I’ve taken your advice and made a wrapper class which implements
WritableComparable. Thank you very much for your help. I believe everything
is working fine on that front. I used google’s gson for the comparison.
public int compareTo(Object o) {
JsonElement o1 = PARSER.parse(this.json.toString());
JsonElement o2 = PARSER.parse(o.toString());
if(o2.equals(o1))
return 0;
else
return -1;
}
The problem I have now is that only consecutive duplicates are detected.
Given 6 lines:
{"ts":1368758947.291035,"isSecure":true,"version":2,"source":"sdk","debug":false}
{"ts":1368758947.291035,"version":2,"source":"sdk","isSecure":true,"debug":false}
{"ts":1368758947.291035,"version":2,"source":"sdk","isSecure":true,"debug":true}
{"ts":1368758947.291035,"isSecure":false,"version":2,"source":"sdk","debug":false}
{"ts":1368758947.291035,
"source":"sdk","isSecure":false,"version":2,"debug":false}
{"ts":1368758947.291035,"isSecure":true,"version":2,"source":"sdk","debug":false}
I get back 1, 3, 4, and 6. I should be getting 1, 3 and 4 as 6 is exactly
equal to 1. If I switch 5 and 6, the original line 5 is no longer filtered
(I get 1,3,4,5,6). I’ve noticed that the compareTo method is called a total
of 13 times. I assume that in order for all 6 of the keys to be compared,
15 comparisons need to be made. Am I missing something here? I’ve tested
the compareTo manually and line 1 and 6 are interpreted as equal.
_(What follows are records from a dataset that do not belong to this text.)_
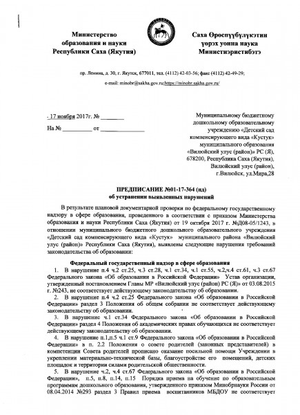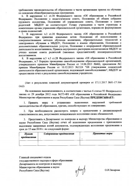 Предписания органов, осуществляющих государственный контроль (надзор) в сфере образования, отчеты об исполнении таких предписаний (при наличии)
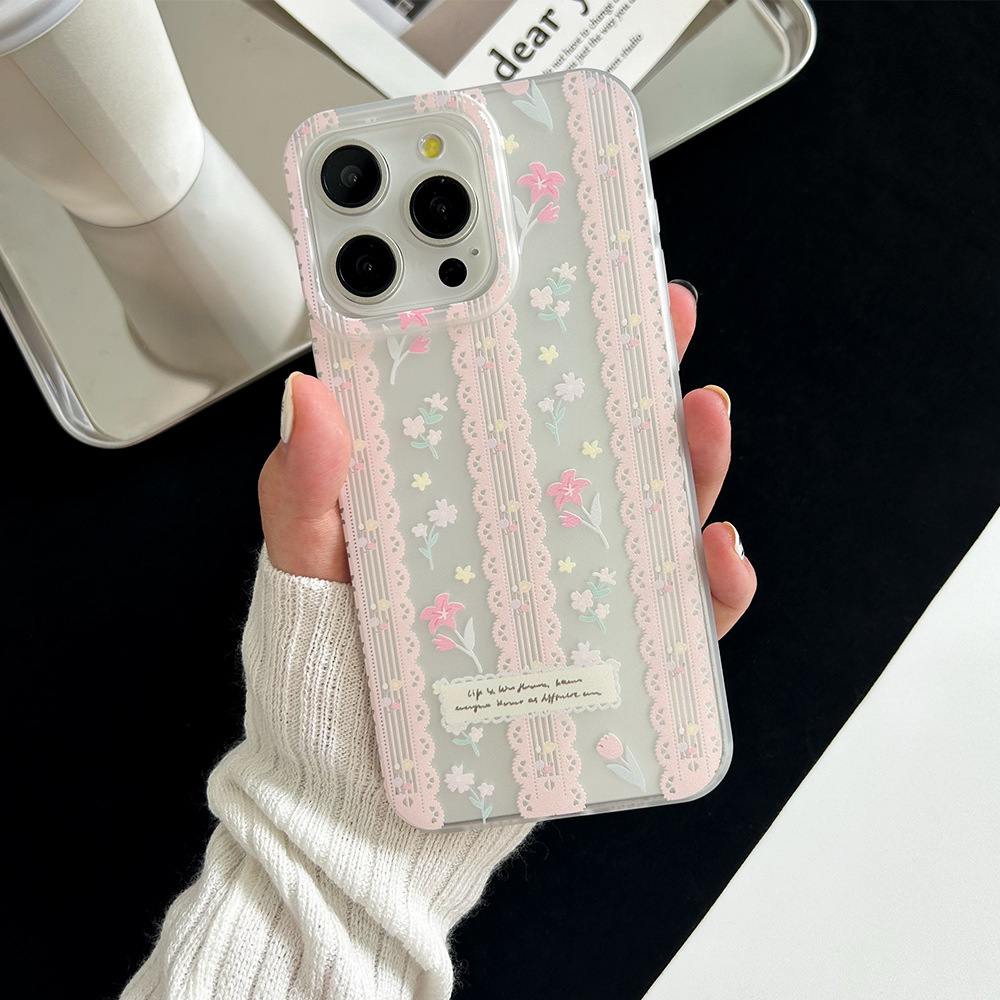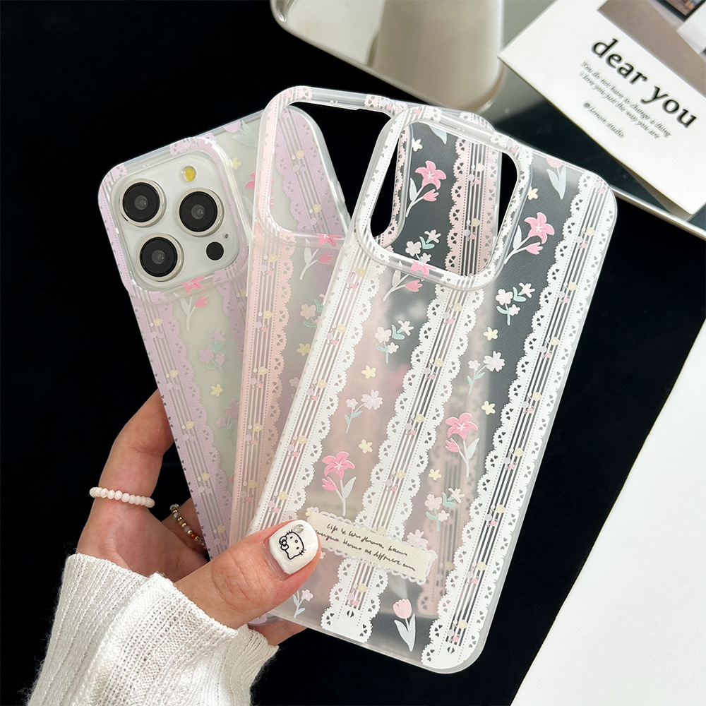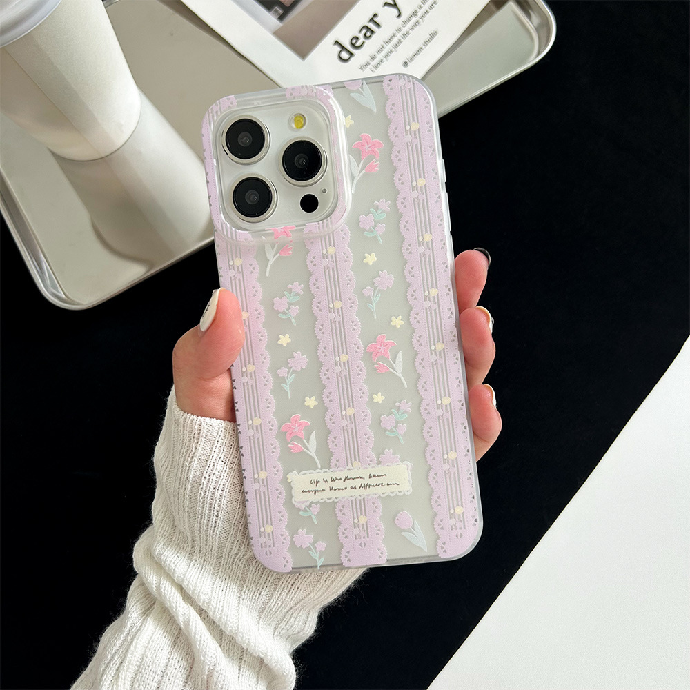 磨砂蕾丝小碎花iphone15手机壳14苹果保护套11proamx紫色13软壳12
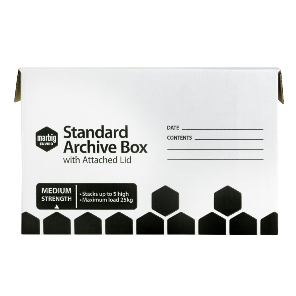 Marbig Enviro Standard Archive Box Hinged Lid 315W x 420D x 260mmH White
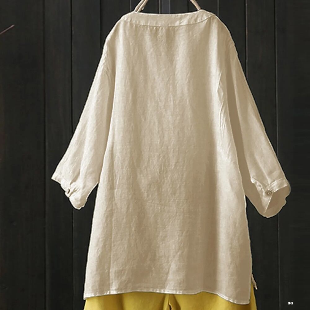 女性用半袖リネンとコットンのサマーシャツ,カジュアルなフェミニンなチュニック,ラージサイズ,2023 ボトム ボトムス ズボン T240619143329_04
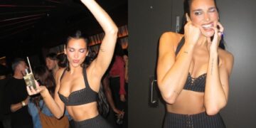 За ноќно излегување со пријателите, Дуа избра импресивна црна облека која ја истакна нејзината витка линија. Таа носеше црн топ со бели риги и тесно здолниште во ист дезен, а во преден план беше нејзината тенка половина и тетоважите на рацете.
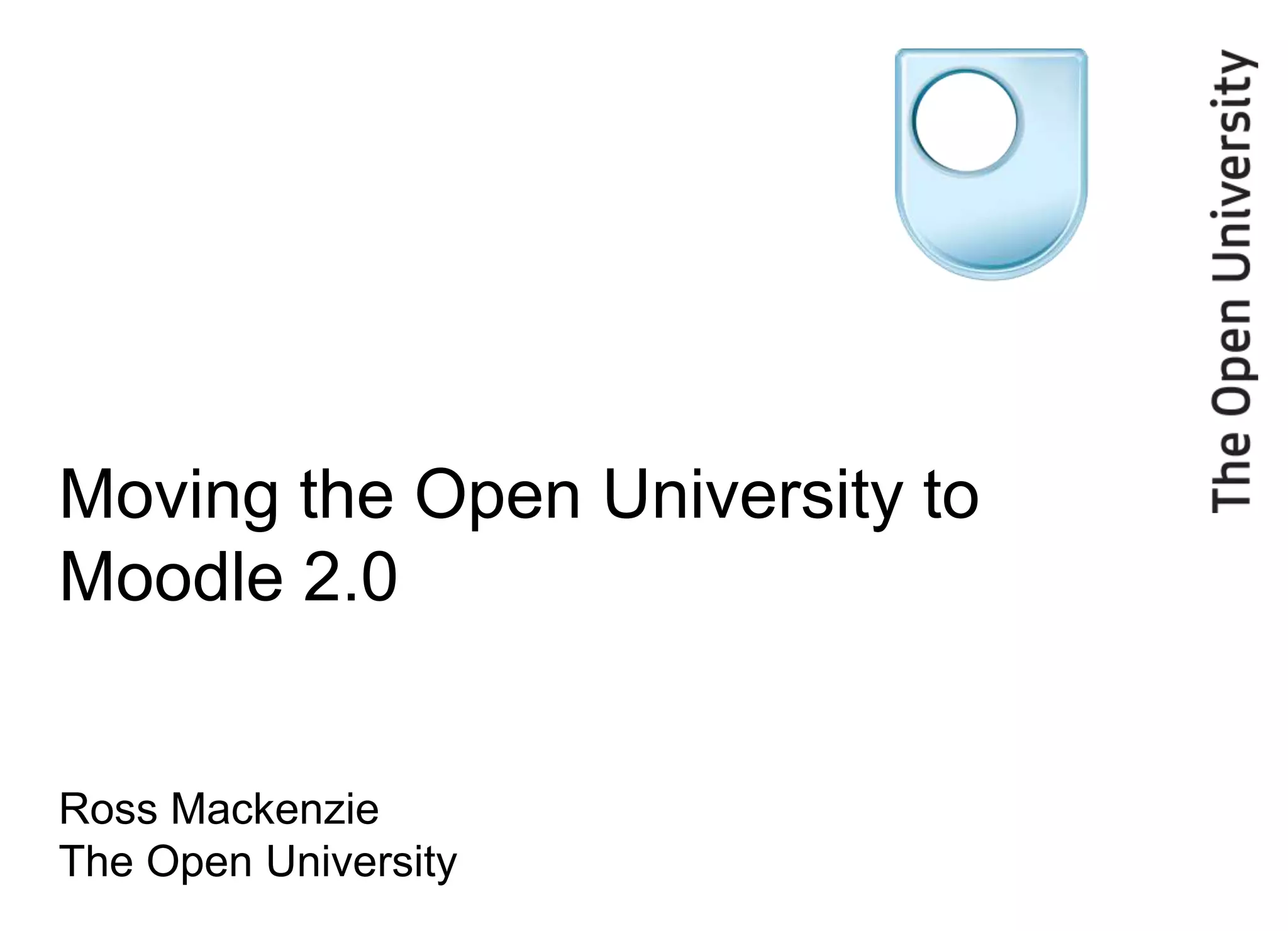 The Open University is migrating from Moodle 1.9 to Moodle 2.0/2.1 to take advantage of new features and enhance custom modules. With over 770,000 users accessing over 500 courses daily, performing the migration while the university is active poses challenges. The migration will be done progressively as courses end over multiple years to minimize disruption. Performance has been tested and infrastructure expanded to support the higher volume. New themes and mobile optimization and annotation tools will enhance the user experience in the new platform.
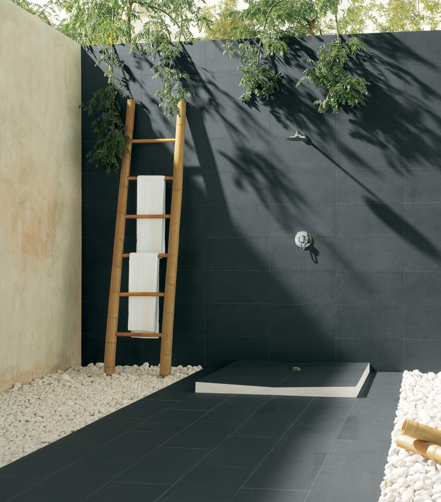 This huge outdoor shower brings together the element of stone floors with the appearance of classic tiles you’d normally see in an indoor bathroom.
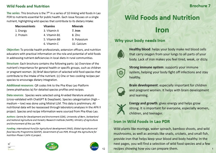 Wild plants like moringa, water spinach, bamboo shoots, and wild mushrooms, as well as animals like snails, crickets, and small fish, provide iron that helps keep your blood and body healthy. In the next pages, you will find a selection of wild food species and a few recipes showing how you can prepare them.

My map
reduce code currently looks like this:
class DupFilter{
private static final Gson GSON = new Gson();
private static final JsonParser PARSER = new JsonParser();
public static class Map extends MapReduceBase implements
Mapper<LongWritable, Text, JSONWrapper, IntWritable> {
public void map(LongWritable key, Text value,
OutputCollector<JSONWrapper, IntWritable> output, Reporter reporter) throws
IOException{
JsonElement je = PARSER.parse(value.toString());
JSONWrapper jow = null;
jow = new JSONWrapper(value.toString());
IntWritable one = new IntWritable(1);
output.collect(jow, one);
}
}
public static class Reduce extends MapReduceBase implements
Reducer<JSONWrapper, IntWritable, JSONWrapper, IntWritable> {
public void reduce(JSONWrapper jow, Iterator<IntWritable> values,
OutputCollector<JSONWrapper, IntWritable> output, Reporter reporter) throws
IOException {
int sum = 0;
while (values.hasNext())
sum += values.next().get();
output.collect(jow, new IntWritable(sum));
}
}
public static void main(String[] args) throws Exception {
JobConf conf = new JobConf(DupFilter.class);
conf.setJobName("dupfilter");
conf.setOutputKeyClass(JSONWrapper.class);
conf.setOutputValueClass(IntWritable.class);
conf.setMapperClass(Map.class);
conf.setReducerClass(Reduce.class);
conf.setInputFormat(TextInputFormat.class);
conf.setOutputFormat(TextOutputFormat.class);
FileInputFormat.setInputPaths(conf, new Path(args[0]));
FileOutputFormat.setOutputPath(conf, new Path(args[1]));
JobClient.runJob(conf);
}
}
Thanks,
Max Lebedev
On Tue, Jun 4, 2013 at 10:58 PM, Rahul Bhattacharjee <
[email protected]> wrote:
> I agree with Shahab , you have to ensure that the key are writable
> comparable and values are writable in order to be used in MR.
>
> You can have writable comparable implementation wrapping the actual json
> object.
>
> Thanks,
> Rahul
>
>
> On Wed, Jun 5, 2013 at 5:09 AM, Mischa Tuffield <[email protected]> wrote:
>
>> Hello,
>>
>> On 4 Jun 2013, at 23:49, Max Lebedev <[email protected]> wrote:
>>
>> Hi. I've been trying to use JSONObjects to identify duplicates in
>> JSONStrings.
>> The duplicate strings contain the same data, but not necessarily in the
>> same order. For example the following two lines should be identified as
>> duplicates (and filtered).
>>
>>
>> {"ts":1368758947.291035,"isSecure":true,"version":2,"source":"sdk","debug":false
>>
>> {"ts":1368758947.291035,"version":2,"source":"sdk","isSecure":true,"debug":false}
>>
>> Can you not use the timestamp as a URI and emit them as URIs. Then you
>> have your mapper emit the following kv :
>>
>> output.collect(ts, value);
>>
>> And you would have a straight forward reducer that can dedup based on the
>> timestamps.
>>
>> If above doesn't work for you, I would look at the jackson library for
>> mangling json in java. It method of using java beans for json is clean from
>> a code pov and comes with lots of nice features.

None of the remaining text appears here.